The socket can be marked as non-blocking prior to reading from it, usually via fcntl or ioctl.
What this excerpt from the manual says is that, basically, reads on both blocking and non-blocking sockets are not required to fill the whole buffer that is supplied. That is why it is important to check the result of the recv/read calls in order to know how much of the buffer contains the actual data and how much is garbage.
It is not a good idea at all to use blocking sockets in conjunction with the IO polling calls such as select/poll/epoll. Even if the polling call indicates that a particular socket is ready for reading, a blocking socket would sometimes still block.
When a socket is signalled as being OK to write by a call to select(), how can I know how much data I can send without blocking? (In the case of full send buffers etc.)

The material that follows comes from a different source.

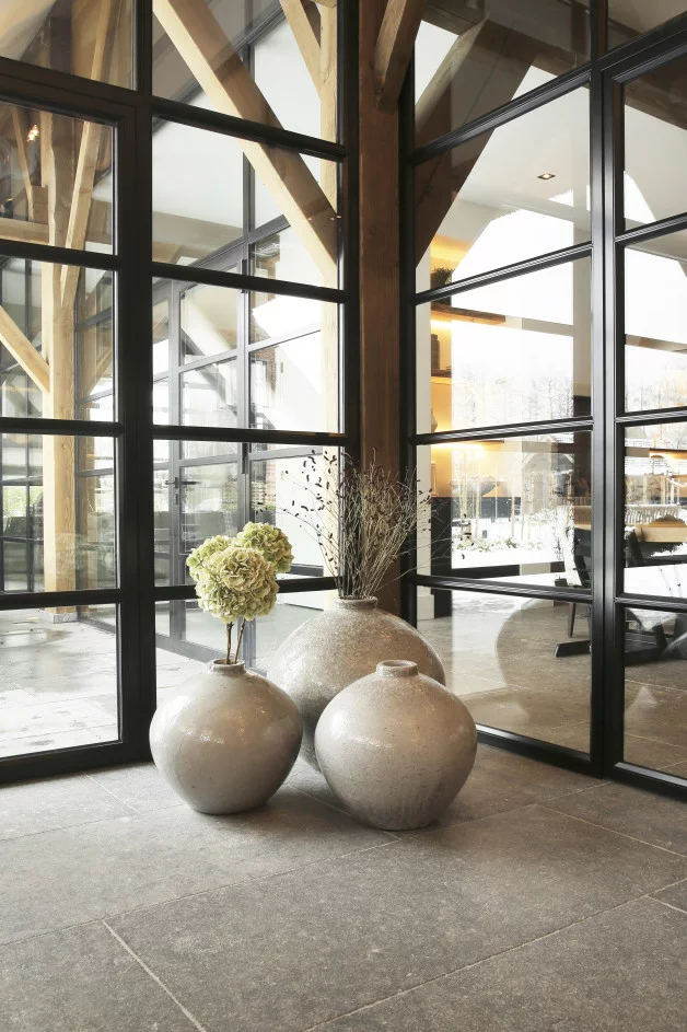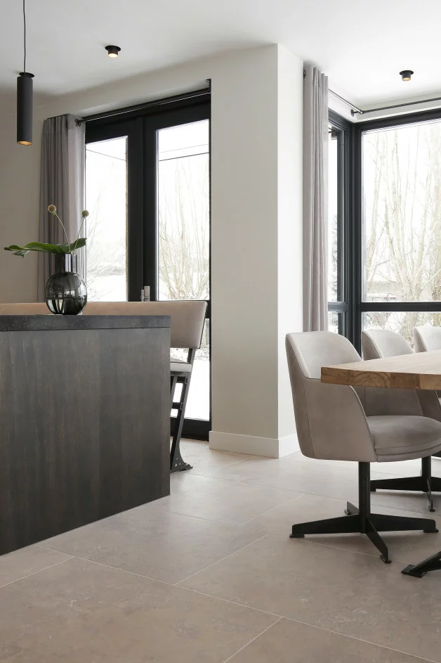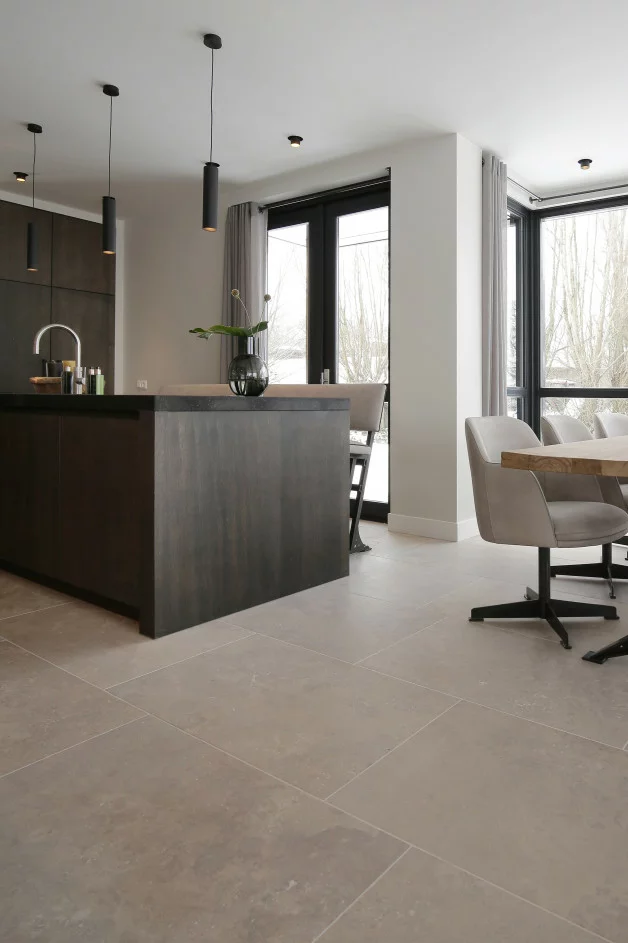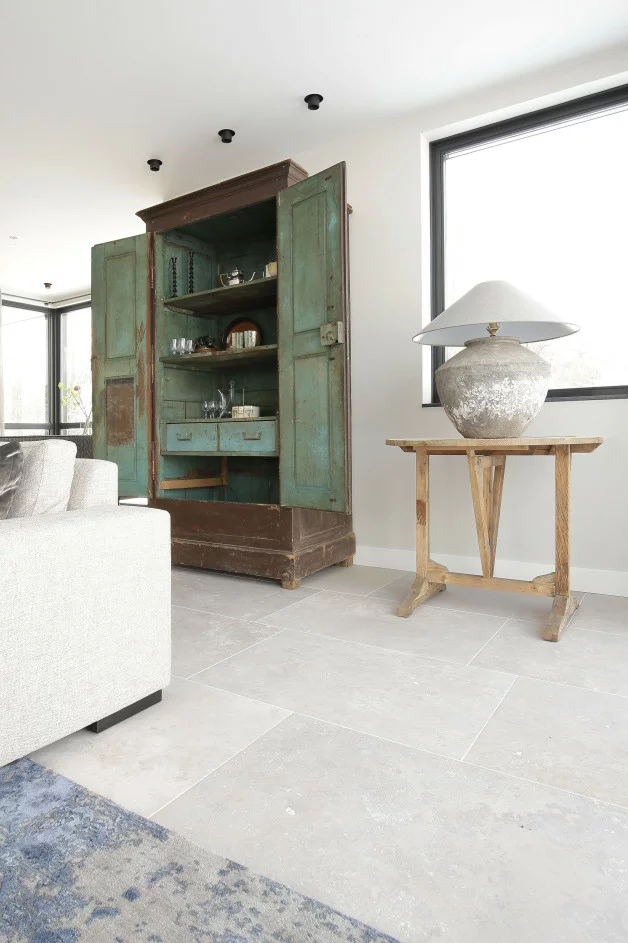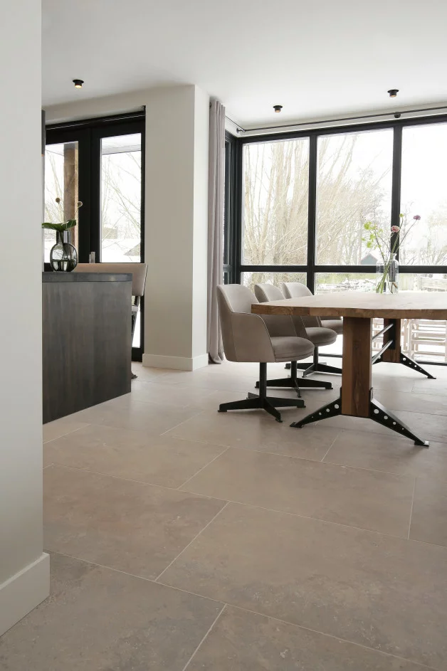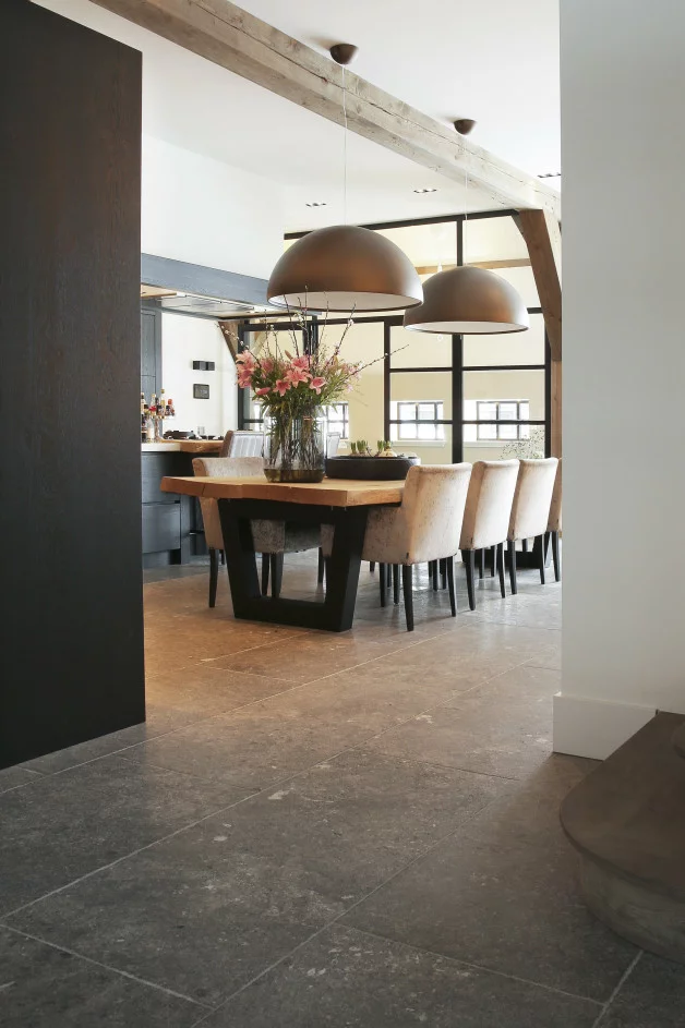 Op een winterse dag in februari heb ik bij een prachtige nieuwbouwboerderij foto's mogen maken van de italiaanse travertin vloer die wij geplaatst hebben. Een warme vloer met een beige/grijze kleurnuance. Deze vloer is in diverse afmetingen verkrijgbaar en geeft veel sfeer aan uw woning! Deze travertin vloer is ook te bekijken in onze showroom in Made! Naast de travertin vloer hebben wij ook een verouderde houten vloer geleverd en gelegd in het kantoor en in de slaapkamers. Deze houten vloer geeft warmte en uitstraling aan de woning!

Does inclusion in the set returned by select() signify that the socket is ready for at least one byte of data, and will send() then return a short count of written bytes?
Or will it block when I call send() with a len parameter that is bigger than the available buffer space? If so, how do I know the maximum amount?
I'm using regular C sockets on Linux.
The send call should not block on the first call, and should send at least one byte on the first call -- assuming you are using a stream protocol and assuming it's not interrupted by a signal, etc. However, there are really only two ways to figure out how much data you can send:
Call select after every call to send to see if more data can be sent.
Put the socket in non-blocking mode, and call send until it gives an EAGAIN or EWOULDBLOCK error.
The second option is preferred. (The third option is to do it in a different thread and simply let the thread block, which is also a good solution. In the past, threading implementations weren't as mature so non-blocking mode was seen as necessary for high-performance servers.)
You cannot know. You have to sent the socket to be non-blocking, and then pay attention to the return value that tells you how much it has written.